Atatürk’ün takdir edip ödüllendiği kadın muhtar

31 Mart’ta 50 bin 370 muhtar da seçilecek.

Adaylar arasında kıran kırana bir yarış yaşanıyor.

Seçim çevresinde en yüksek oyu alan muhtarlık koltuğuna oturacak.

...

Peki, ideal muhtar nasıl olmalı?

Sorunun yanıtını Nazmi Kal’ın Ziraat Bankası Yayınları arasında çıkan “Atatürk’le Yaşayanlar” kitabında Atatürk’ün manevi kızı tarihçi-sosyolog Prof. Afet İnan’ın bizzat tanık olup anlattıklarında buldum.

Özetleyerek nakledeyim:

Atatürk, beraberinde Afet İnan ve çalışma arkadaşları olduğu halde otomobille Ankara’dan İstanbul’a gidiyordu.

Kazan köyünden geçerken köylülerin kendisini karşılamak için yol üzerinde toplandığını görüp onlarla konuşmak istedi, şoföre durmasını söyledi.

Otomobil durdu.

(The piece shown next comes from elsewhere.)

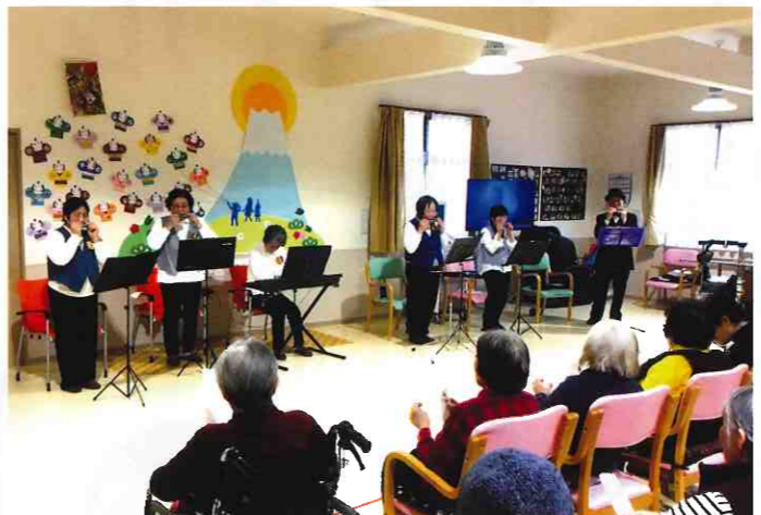
↑ デイサービスセンター 恵 小松島 (小松島・中田町) 小松島ハーモニカクラブの方々が慰問に来て下さりました。

Ancak köylüler çekingen duruyor, hiçbiri yanlarına gelmiyordu.

Biraz bekledikten sonra köylü giysileri içinde bir kadın gelip Atatürk’e, “Paşam hoş geldiniz. Size ayran hazırlamıştık, yolculuğunuza ara verip bizimle içer misiniz” dedi.

Kadının özgüveni yüksekti, gayet güzel konuşuyordu.

Adının Satı Kadın olduğunu söyledi, muhtarlığa yeni seçildiğini ifade etti.

Bu kadarla kalmadı, köyün sorunları ve bunları çözmek için neler yapmayı düşündüğünü anlattı, merkezî yönetimden beklentilerini dile getirdi.

Ayranlarını içip bir süre sohbet ettikten sonra oradan ayrıldılar.

Atatürk, hemen yanında oturan yakın çalışma arkadaşı Nuri Conker’e döndü, muhtar kadını kastederek “Bak” dedi, “Tam milletvekili olacak kadın... Onu milletvekili yapacağız.”

Conker çok şaşırmıştı. Zar zor “Ya öyle mi?.. Bize demek böyle arkadaşlar getireceksiniz” yanıtını verdi.

Atatürk, “Daha fazlasını getireceğiz. Göreceksiniz” diye konuştu.

Gerçekten de 1935’te yapılan seçimde Satı Kadın, Ankara Milletvekili olarak Meclis’e girdi.

Meclis’te de başarılı oldu. Ziraat Komisyonu’nda görev aldı, köylere yol-su-sağlık ve eğitim hizmetlerinin götürülmesi ile köylülere modern tarım araç-gereçlerinin temini için canla başla çalıştı, Halkevlerinin yaygınlaştırılması için gayret gösterdi.

Milletvekilliği yaptığı süre içinde Ankara’da mütevazı bir evde yaşadı ve köyünden gelenleri bu evde ağırlayıp sorunlarıyla yakından ilgilendi.

1956 yılında 66 yaşında hayata veda etti.

Doğup büyüdüğü köyde yani bugünün Kahramankazan ilçesinde anıt mezarı var.

Buradaki evi de müzeye dönüştürüldü.

...

Son sözüm şu:

31 Mart’taki seçimde muhtar seçilmekten daha önemlisi şu:

Satı Kadın gibi yöresinin sorunlarını ve onların nasıl çözüleceğini bilen bir muhtar olmak.